Diseases and conditions
Absence or loss of pigments or pigment cells in humans as well as animals also results in an assortment of ailments or abnormal health conditions. Such diseases and conditions may also arise in humans and animals owing to profuse production of pigments in their body.
- For instance, albinism (deficiency of pigmentation in animals and plants) is actually an inherited disorder that is distinguished by complete or part loss of melanin. ‘Albinistic’ is the term that is used to denote such humans and humans who suffer from albinism. Although occasionally the term ‘albino’ is also used to denote such people, but those suffering from condition are likely to consider this term as offensive.
- Another ailment, known as lamellar iscthyosis (fish scale disease), too is an inherited health condition wherein one of the symptoms include excessive production of melanin. In such cases, the complexion of the skin turns darker and is distinguished by darkened, scaly and arid patches. For instance, melasma is a health condition wherein dark brown patches of pigments surface on the face and they are known to be influenced by hormonal changes. When this condition happens during pregnancy, it is known as the ‘mask of pregnancy’.

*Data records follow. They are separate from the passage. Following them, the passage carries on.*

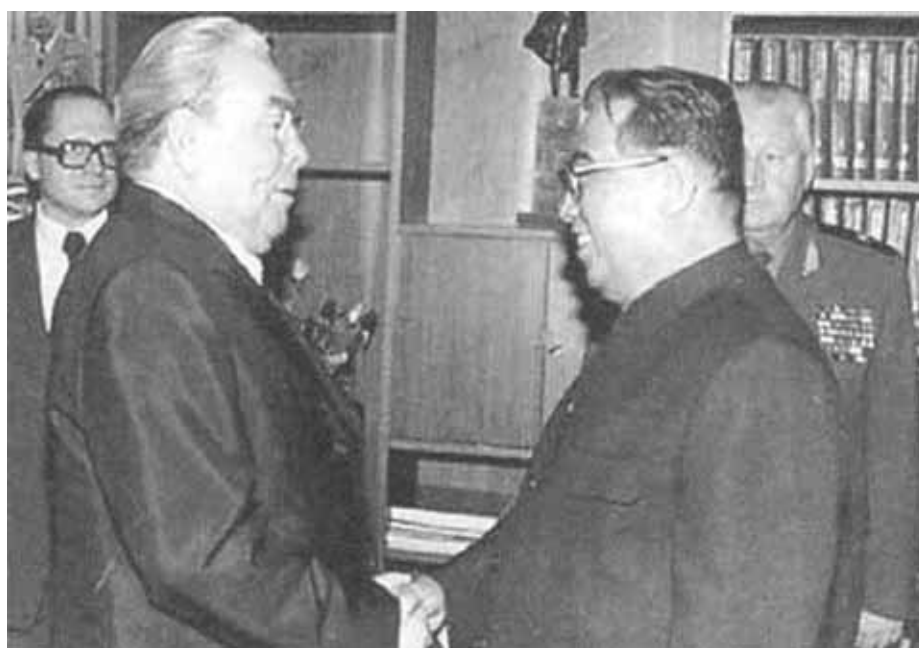
Леонид Брежнев и Ким Ир Сен. Встреча на похоронах Иосипа Броз
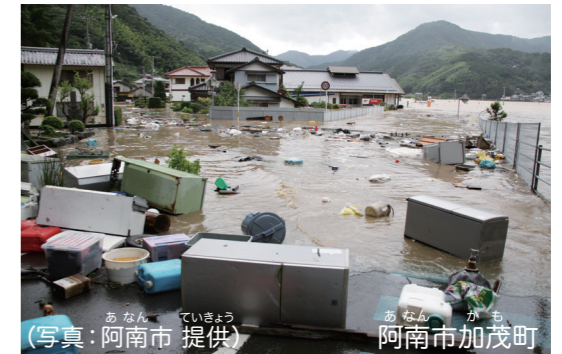
家の中まで水がおし寄せ、家電や家具が道路まで流れ出す
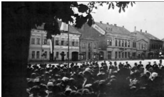
Bývalý hotel Fišer (asi 1920)

1. ledna 1911 se organizace sociálně demokratické strany rozdělila na sekci v Nových Holicích (160 členů) a ve Starých Holicích (75 členů).
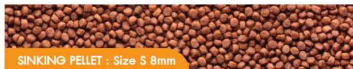
SINKING PELLETS : Size S 8mm
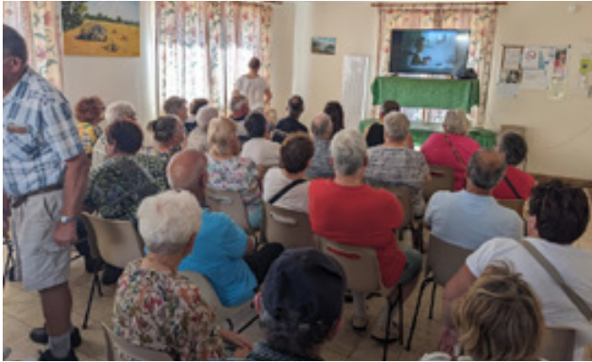
Noël des enfants de Baigneaux et Ste Gemmes, avec l'école blésoise du cirque

- Excessive pigmentation also results in another health condition called ‘ocular pigmentation’. In this instance, excessive pigments accumulate in the eye and this condition may arise owing to latanoprost medication (a medicine applied topically to lessen high intraocular pressure). On the other hand, vitiligo is a health condition wherein there is a loss of cells that produce pigments called melanocytes in patches of the skin.